# What you will do:
The records below must be retyped exactly.
### Exercise data
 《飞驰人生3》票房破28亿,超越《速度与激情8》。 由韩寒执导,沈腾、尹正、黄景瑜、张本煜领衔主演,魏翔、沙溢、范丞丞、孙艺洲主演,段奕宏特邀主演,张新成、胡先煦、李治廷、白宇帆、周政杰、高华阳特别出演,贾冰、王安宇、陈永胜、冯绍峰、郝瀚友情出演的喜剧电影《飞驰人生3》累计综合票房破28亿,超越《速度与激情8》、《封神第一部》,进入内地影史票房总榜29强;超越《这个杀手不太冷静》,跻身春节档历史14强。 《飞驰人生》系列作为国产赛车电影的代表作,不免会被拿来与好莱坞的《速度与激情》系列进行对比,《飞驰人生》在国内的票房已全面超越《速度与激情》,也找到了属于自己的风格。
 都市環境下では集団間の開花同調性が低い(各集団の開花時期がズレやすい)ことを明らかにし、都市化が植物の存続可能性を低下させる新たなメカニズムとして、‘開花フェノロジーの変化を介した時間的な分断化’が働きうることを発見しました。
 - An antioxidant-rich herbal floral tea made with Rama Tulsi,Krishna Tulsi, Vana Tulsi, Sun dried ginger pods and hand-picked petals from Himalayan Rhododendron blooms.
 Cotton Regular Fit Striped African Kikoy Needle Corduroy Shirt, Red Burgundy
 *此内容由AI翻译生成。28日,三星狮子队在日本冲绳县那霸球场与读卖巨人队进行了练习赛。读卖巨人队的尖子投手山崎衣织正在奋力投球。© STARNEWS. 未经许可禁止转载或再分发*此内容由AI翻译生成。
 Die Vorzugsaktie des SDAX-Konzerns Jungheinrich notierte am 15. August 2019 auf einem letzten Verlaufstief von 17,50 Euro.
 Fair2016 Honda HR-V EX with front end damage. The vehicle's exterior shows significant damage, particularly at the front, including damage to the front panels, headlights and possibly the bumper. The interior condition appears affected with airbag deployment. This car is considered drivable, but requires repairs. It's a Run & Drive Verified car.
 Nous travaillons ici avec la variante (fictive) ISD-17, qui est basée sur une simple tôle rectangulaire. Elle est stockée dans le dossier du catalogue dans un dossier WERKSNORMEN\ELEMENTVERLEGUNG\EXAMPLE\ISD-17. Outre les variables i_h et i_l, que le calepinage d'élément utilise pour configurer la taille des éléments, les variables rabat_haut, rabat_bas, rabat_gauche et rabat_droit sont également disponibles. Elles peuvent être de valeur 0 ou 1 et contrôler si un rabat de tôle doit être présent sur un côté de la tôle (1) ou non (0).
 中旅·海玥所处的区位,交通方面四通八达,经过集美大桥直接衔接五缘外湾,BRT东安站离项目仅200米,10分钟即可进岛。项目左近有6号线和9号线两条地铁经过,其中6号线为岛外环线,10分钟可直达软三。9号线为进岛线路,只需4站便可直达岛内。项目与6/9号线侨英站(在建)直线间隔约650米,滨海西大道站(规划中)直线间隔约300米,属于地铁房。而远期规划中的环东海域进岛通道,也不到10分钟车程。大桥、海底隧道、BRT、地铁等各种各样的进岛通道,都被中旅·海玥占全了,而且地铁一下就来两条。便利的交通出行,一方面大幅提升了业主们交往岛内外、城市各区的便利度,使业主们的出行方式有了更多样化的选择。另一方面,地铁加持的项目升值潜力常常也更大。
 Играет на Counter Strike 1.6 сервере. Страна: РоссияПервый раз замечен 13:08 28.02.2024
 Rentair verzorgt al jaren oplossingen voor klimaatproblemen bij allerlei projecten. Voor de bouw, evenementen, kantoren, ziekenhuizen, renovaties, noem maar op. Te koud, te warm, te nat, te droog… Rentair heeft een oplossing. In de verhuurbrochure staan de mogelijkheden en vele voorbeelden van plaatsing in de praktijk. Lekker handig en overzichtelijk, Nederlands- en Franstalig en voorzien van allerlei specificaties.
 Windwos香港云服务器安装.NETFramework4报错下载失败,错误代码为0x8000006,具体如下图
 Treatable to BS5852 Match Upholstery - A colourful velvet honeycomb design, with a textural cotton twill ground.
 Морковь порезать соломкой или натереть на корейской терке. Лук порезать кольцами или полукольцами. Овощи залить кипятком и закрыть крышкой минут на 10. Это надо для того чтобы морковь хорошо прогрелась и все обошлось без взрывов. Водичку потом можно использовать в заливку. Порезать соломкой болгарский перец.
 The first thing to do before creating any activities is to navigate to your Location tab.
######
# Task solution:
 《飞驰人生3》票房破28亿,超越《速度与激情8》。 由韩寒执导,沈腾、尹正、黄景瑜、张本煜领衔主演,魏翔、沙溢、范丞丞、孙艺洲主演,段奕宏特邀主演,张新成、胡先煦、李治廷、白宇帆、周政杰、高华阳特别出演,贾冰、王安宇、陈永胜、冯绍峰、郝瀚友情出演的喜剧电影《飞驰人生3》累计综合票房破28亿,超越《速度与激情8》、《封神第一部》,进入内地影史票房总榜29强;超越《这个杀手不太冷静》,跻身春节档历史14强。 《飞驰人生》系列作为国产赛车电影的代表作,不免会被拿来与好莱坞的《速度与激情》系列进行对比,《飞驰人生》在国内的票房已全面超越《速度与激情》,也找到了属于自己的风格。
 都市環境下では集団間の開花同調性が低い(各集団の開花時期がズレやすい)ことを明らかにし、都市化が植物の存続可能性を低下させる新たなメカニズムとして、‘開花フェノロジーの変化を介した時間的な分断化’が働きうることを発見しました。
 - An antioxidant-rich herbal floral tea made with Rama Tulsi,Krishna Tulsi, Vana Tulsi, Sun dried ginger pods and hand-picked petals from Himalayan Rhododendron blooms.
 Cotton Regular Fit Striped African Kikoy Needle Corduroy Shirt, Red Burgundy
 *此内容由AI翻译生成。28日,三星狮子队在日本冲绳县那霸球场与读卖巨人队进行了练习赛。读卖巨人队的尖子投手山崎衣织正在奋力投球。© STARNEWS. 未经许可禁止转载或再分发*此内容由AI翻译生成。
 Die Vorzugsaktie des SDAX-Konzerns Jungheinrich notierte am 15. August 2019 auf einem letzten Verlaufstief von 17,50 Euro.
 Fair2016 Honda HR-V EX with front end damage. The vehicle's exterior shows significant damage, particularly at the front, including damage to the front panels, headlights and possibly the bumper. The interior condition appears affected with airbag deployment. This car is considered drivable, but requires repairs. It's a Run & Drive Verified car.
 Nous travaillons ici avec la variante (fictive) ISD-17, qui est basée sur une simple tôle rectangulaire. Elle est stockée dans le dossier du catalogue dans un dossier WERKSNORMEN\ELEMENTVERLEGUNG\EXAMPLE\ISD-17. Outre les variables i_h et i_l, que le calepinage d'élément utilise pour configurer la taille des éléments, les variables rabat_haut, rabat_bas, rabat_gauche et rabat_droit sont également disponibles. Elles peuvent être de valeur 0 ou 1 et contrôler si un rabat de tôle doit être présent sur un côté de la tôle (1) ou non (0).
 中旅·海玥所处的区位,交通方面四通八达,经过集美大桥直接衔接五缘外湾,BRT东安站离项目仅200米,10分钟即可进岛。项目左近有6号线和9号线两条地铁经过,其中6号线为岛外环线,10分钟可直达软三。9号线为进岛线路,只需4站便可直达岛内。项目与6/9号线侨英站(在建)直线间隔约650米,滨海西大道站(规划中)直线间隔约300米,属于地铁房。而远期规划中的环东海域进岛通道,也不到10分钟车程。大桥、海底隧道、BRT、地铁等各种各样的进岛通道,都被中旅·海玥占全了,而且地铁一下就来两条。便利的交通出行,一方面大幅提升了业主们交往岛内外、城市各区的便利度,使业主们的出行方式有了更多样化的选择。另一方面,地铁加持的项目升值潜力常常也更大。
 Играет на Counter Strike 1.6 сервере. Страна: РоссияПервый раз замечен 13:08 28.02.2024
 Rentair verzorgt al jaren oplossingen voor klimaatproblemen bij allerlei projecten. Voor de bouw, evenementen, kantoren, ziekenhuizen, renovaties, noem maar op. Te koud, te warm, te nat, te droog… Rentair heeft een oplossing. In de verhuurbrochure staan de mogelijkheden en vele voorbeelden van plaatsing in de praktijk. Lekker handig en overzichtelijk, Nederlands- en Franstalig en voorzien van allerlei specificaties.
 Windwos香港云服务器安装.NETFramework4报错下载失败,错误代码为0x8000006,具体如下图
 Treatable to BS5852 Match Upholstery - A colourful velvet honeycomb design, with a textural cotton twill ground.
 Морковь порезать соломкой или натереть на корейской терке. Лук порезать кольцами или полукольцами. Овощи залить кипятком и закрыть крышкой минут на 10. Это надо для того чтобы морковь хорошо прогрелась и все обошлось без взрывов. Водичку потом можно использовать в заливку. Порезать соломкой болгарский перец.
 The first thing to do before creating any activities is to navigate to your Location tab.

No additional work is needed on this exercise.